Photographing Hyakutake was something of a challenge. I was one of only four students of Geoff Chester of the National Air and Space Museum Planetarium at his 1988 astrophotography class. With such a clear night sky at Sky Meadows, it was possible to try long exposures with a fast normal or wide angle lens on a regular tripod, using fast film. I tried Fujichrome 200 with a 50mm f/ 1.4 for 5, 10, and 30 seconds and TMax 3200 for a few seconds to 4 minutes. Bracketing is essential. However, my clock drive battery died, and with such a large crowd at Sky Meadows, there seemed little chance to plug my clock drive into 110 volt current. On the other hand, PSA and Greater Washington Council of Camera Clubs members Scott and Andrea Blair (she's council president) invited me to stay over at their home in rural Linden, Virginia, which has a sky at least as dark as Sky Meadows, and without 900 cars (and their distracting headlights) running up and down the road. I followed Scott home, plugged into their porch outlet, and soon heard the reassuring hum of my clock drive smoothly following the stars as the Earth rotated out from under the comet and star field.
I spent more time than usual getting polar alignment on my telescope because without it you will get star trails and a too-fuzzy comet. Then it was not too hard to take bracketed exposures of 5 seconds to 5 minutes with the gear above, plus a 200mm f/3 lens for isolating the head of the comet and a 20mm f/3.5 for most of the sky in one exposure.
Astrophotography is not especially difficult, but it is time consuming and unpredictable. With a fuzzy, extended object like a nebula, galaxy, or comet it mainly is a fight to get enough contrast to show the object before the base fog of the film overpowers the all-too-few photons sent out by the subject. For that reason, maximum lens and film contrast and lack of reciprocity failure are most important. For the astronomical professional, this can mean 14-inch square glass plate negatives, Schmidt cameras weighing 5 tons, and 4-hour guided exposures, but an amateur can buy or make gas-hypersensitized Kodak Tech Pan and use almost any clock-driven telescope with a camera and lens riding it "piggyback" to take good pictures. I happened to have some TMax 3200 frozen for just such a contingency, so I defrosted and used it. The first pictures, taken at Sky Meadows, have some severe star trailing because of the long exposures and lack of clock drive. The pictures from Linden are much better because of the working clock drive. Star trailing is worst with 1) long lenses and 2) long exposures. The angular size of the comet, much bigger than the Moon and only about 10,000,000 miles away, suggested that anything longer than a 200mm would not get much of the tail in, because the tail was about 30 degrees long.
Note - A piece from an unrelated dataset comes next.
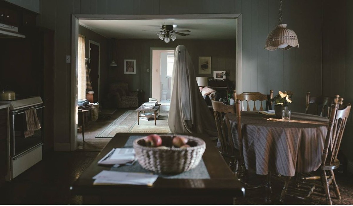 想起了電影《A Ghost Story》。丈夫因意外死去,化成一隻蓋着白色床單的鬼魂,終日守在家中陪伴形單隻影的妻子。看着妻子悲傷至行屍走肉,卻無法溝通無法安撫。他自己其實也被思念纏着,妻子在前,思念卻很遠。更痛的是,活着的人總要過日子,妻子的時間不會因此停頓,她振作,搬走,另結新歡,剩下他一隻孤魂仍困在這家。從此,他的思念和她的不再對等。後來另一家人搬入,後來樓房要拆掉,後來,他在一片荒蕪之地忘記了自己為何在此,思念的到底是誰,是什麼。時間在人的一邊是流動的,在死後的他身上卻是靜止的 — 「靜止如取下擺心的錶面 看不清歲月的臉」 — 《麥利堅堡》。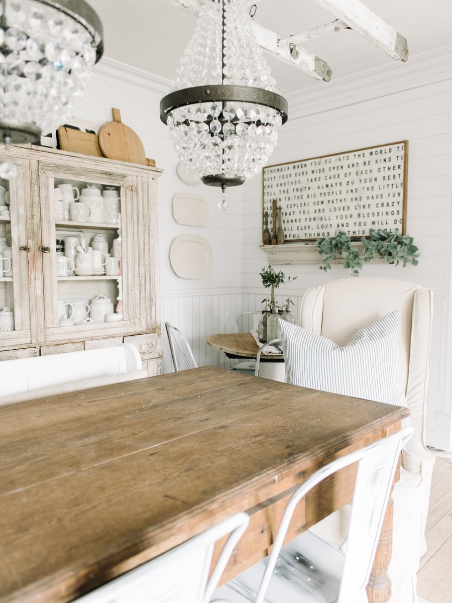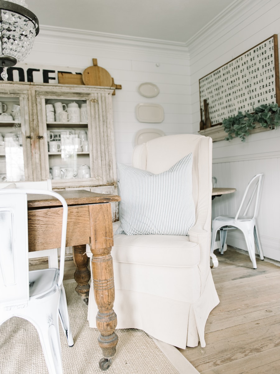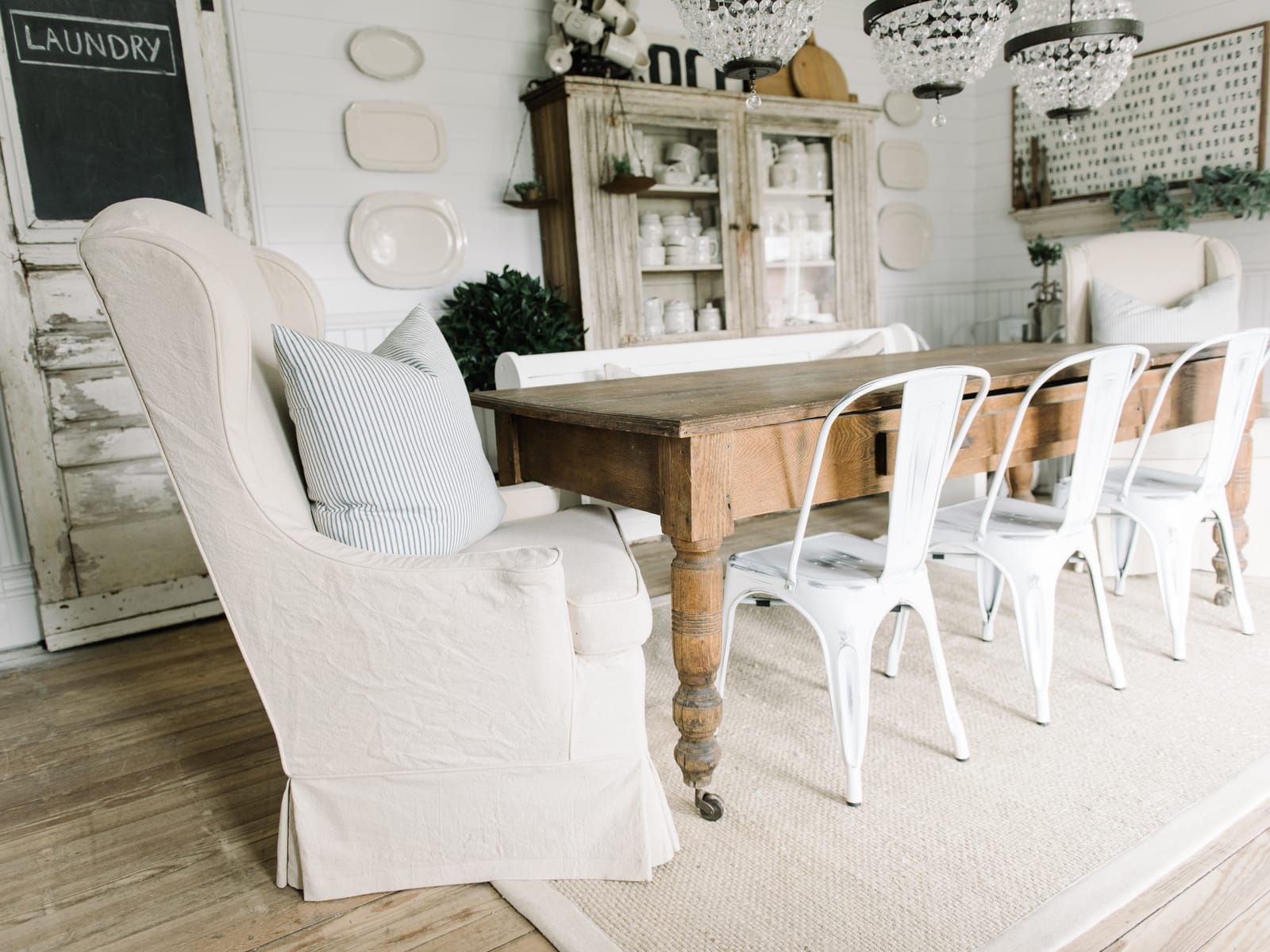 Jessica made the slipcovers from regular old drop cloths just like the rest of the sofas & chairs we’ve had done in our home by her. We love how durable the drop cloth is & the look of it as well. Also, it’s super cheap. I’m in love with how these turned out & how they add a little vintage drama in our dining room that I feel pairs perfectly with the long farmhouse table, crystal chandeliers, & large primitive cupboard in the background.

While black-and-white films have mainly a base fog problem with long exposures, color films change color with overlong exposures. Traditionally, Ektachrome goes blue, Kodachrome and some Fujichromes green, and older Agfachrome brown. You can try a filter, but it makes the exposure even longer and adds another two surfaces of glass to reduce contrast. Nearly all color slide and print film is formulated to have no noticeable color shift for exposures of about 1 second to 1/10,000, but watch out for very long times. Color print film also has a color shift, but often this can be minimized by taking consecutive negatives and printing through both of them, a technique called "stacking," which enhances contrast and color at a small cost in sharpness. Special astrophotography films can go 20 minutes to 4 hours without too much loss of color sensitivity or reciprocity failure, but they are expensive, hard to find, and dependent on moisture in the air, local pollutants, temperature, and other factors. For instance, for years telescope maker Celestron sold a dry-ice loaded "Cold Camera" that got slide film down 100+ degrees below zero to increase speed about 5 times. However, it took only one frame at a time of 35mm. You then had to hand-develop the individual chips, and reloading was a tough job in complete darkness. Today, 800 to 3200 speed film makes exposures of under a minute quite viable with a fast lens on an SLR. It is preferable to lock up the mirror to avoid vibration, too.